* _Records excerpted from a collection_
-------

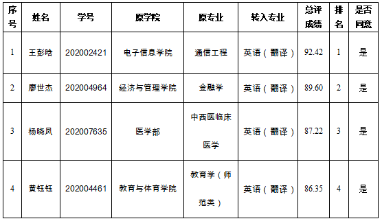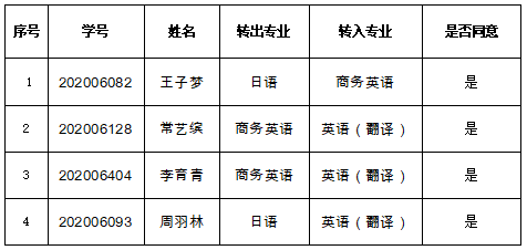 根据教务处《关于2020级普通本科生秋季学期转专业工作的通知》、《金年会jinnianhuicom普通本科生专业分流与转专业管理办法(试行)》(长大校发[2019]260号)和《金年会诚信信誉至上2020级本科生秋季学期转专业考核工作方案》,经学生本人申请,资格审核,我院对学生进行了面试考察,现将金年会诚信信誉至上2020级本科生秋季学期转专业拟接收名单予以公示。公示时间:2021年9月8日 -2021年9月10日。公示期间如有疑问,请咨询金年会诚信信誉至上教学办公室,电话:0716-8060465,邮箱:302777702@qq.com。
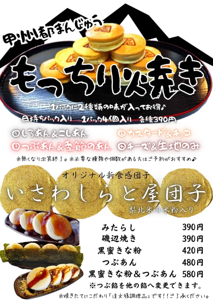 第2位は笛吹市の「石わ しらと屋」でした。石和温泉駅から徒歩2分のところにあるお店で、さまざまな味の甲州都まんじゅうを楽しむことができます。まんじゅう以外にもクレープ、ソフトクリーム、かき氷など種類豊富な甘味を販売しているのも特徴。観光で訪れるときにはぜひ立ち寄ってみたい名店です。
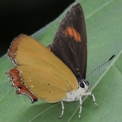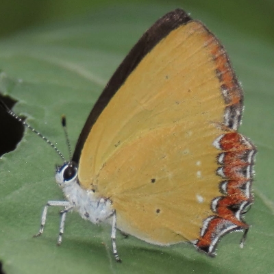 ![]() 上面照片:張儷蓁拍攝 (雌蝶) 灰蝶科 〉日灰蝶屬 〉紫日灰蝶(Heliophorus ila matsumurae、濃紫彩灰蝶、紅邊黃小灰蝶、紅緣小灰蝶、深紫彩灰蝶、濃紫黃灰蝶) (原生種;亞種;台灣物種名錄標名紫日灰蝶,別名濃紫彩灰蝶、紅邊黃小灰蝶、紅緣小灰蝶、深紫彩灰蝶、濃紫黃灰蝶,附有照片;展翅約3公分多;雌蝶前翅有橙黃色的斜斑;雄蝶前翅近基部有藍紫色的斑塊) |
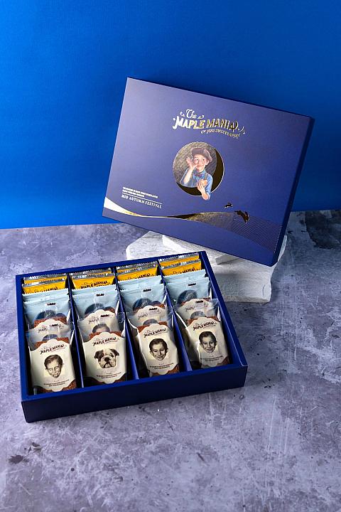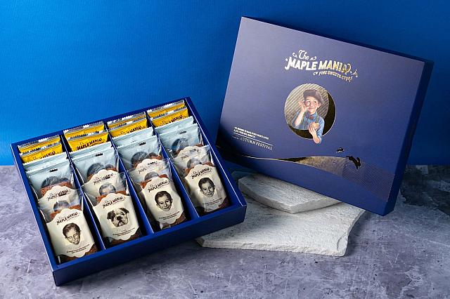 ●「The MAPLE MANIA楓糖男孩」中秋限定綜合24入禮盒1,480元/箱内容:メープルバタークッキー8枚、メープルフィナンシェ8枚、メープルソルティナッツクッキー8枚
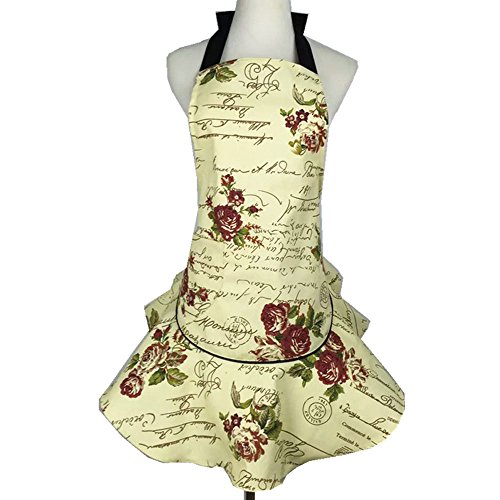 Aprons For Women Plus Size,Retro Vintage Women Cute Black Apron 100% Organic Cotton Extra-long Tie Kitchen Apron for Baking Cooking Gardening 28x 28 inch (beige)
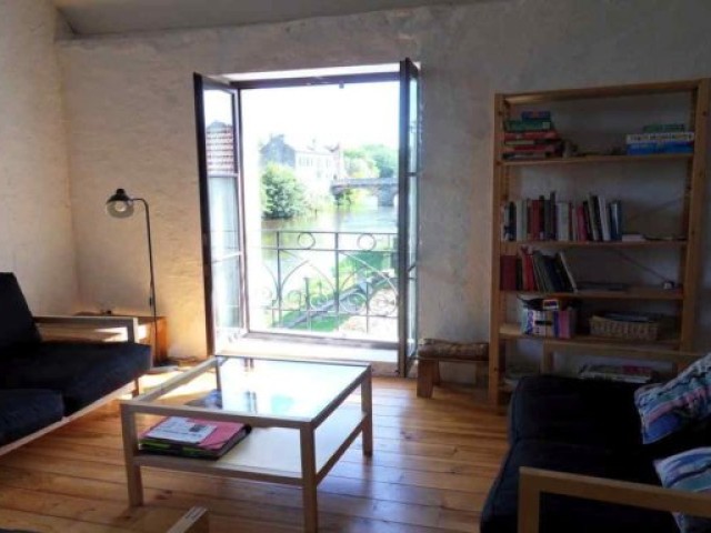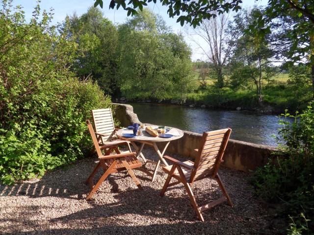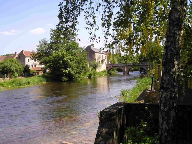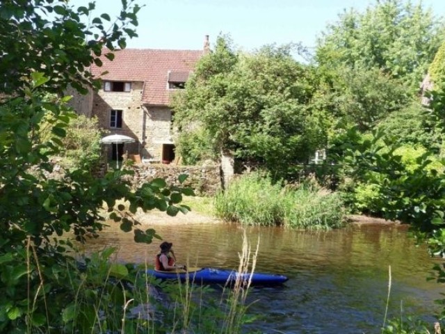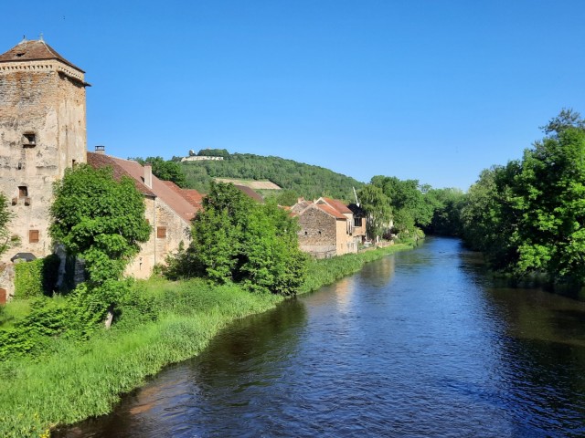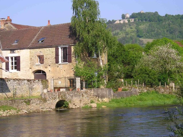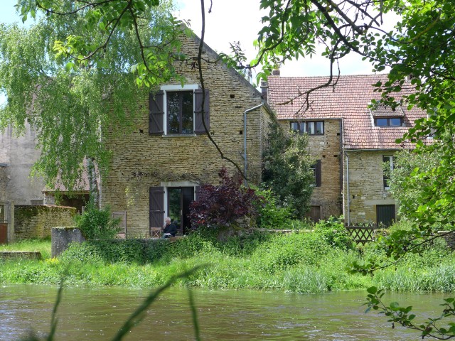 De huizen liggen direct aan de oever van de snelstromende rivier de Cure, met uitzicht op het heuvellandschap aan de overkant.
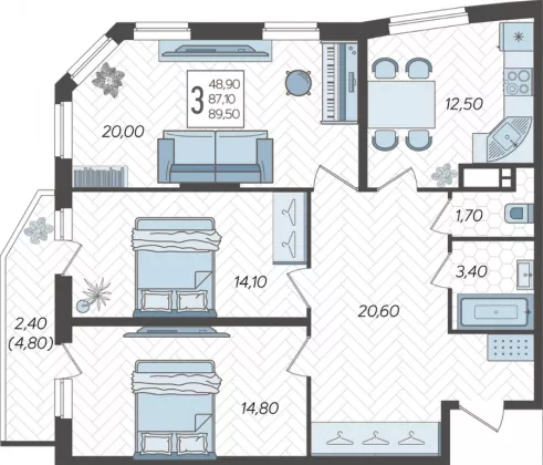 Продается 3-х комн. новостройка, 86 кв.м., 11/16 эт
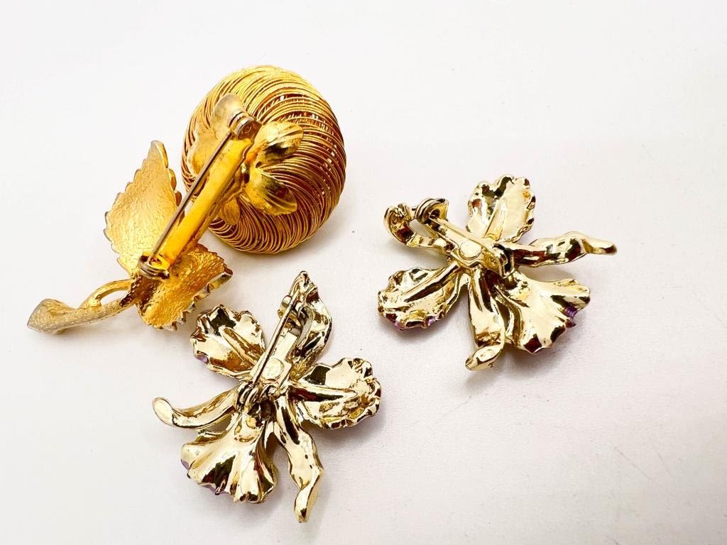 3 FLORAL BROOCHES , GOLD TONE, NICE

-------

Repeat, with no pictures, every line from the top of the entries above through the line that has "第2位は笛吹市の「石わ しら", keeping each one exact.

* _Your response_
 根据教务处《关于2020级普通本科生秋季学期转专业工作的通知》、《金年会jinnianhuicom普通本科生专业分流与转专业管理办法(试行)》(长大校发[2019]260号)和《金年会诚信信誉至上2020级本科生秋季学期转专业考核工作方案》,经学生本人申请,资格审核,我院对学生进行了面试考察,现将金年会诚信信誉至上2020级本科生秋季学期转专业拟接收名单予以公示。公示时间:2021年9月8日 -2021年9月10日。公示期间如有疑问,请咨询金年会诚信信誉至上教学办公室,电话:0716-8060465,邮箱:302777702@qq.com。
 第2位は笛吹市の「石わ しらと屋」でした。石和温泉駅から徒歩2分のところにあるお店で、さまざまな味の甲州都まんじゅうを楽しむことができます。まんじゅう以外にもクレープ、ソフトクリーム、かき氷など種類豊富な甘味を販売しているのも特徴。観光で訪れるときにはぜひ立ち寄ってみたい名店です。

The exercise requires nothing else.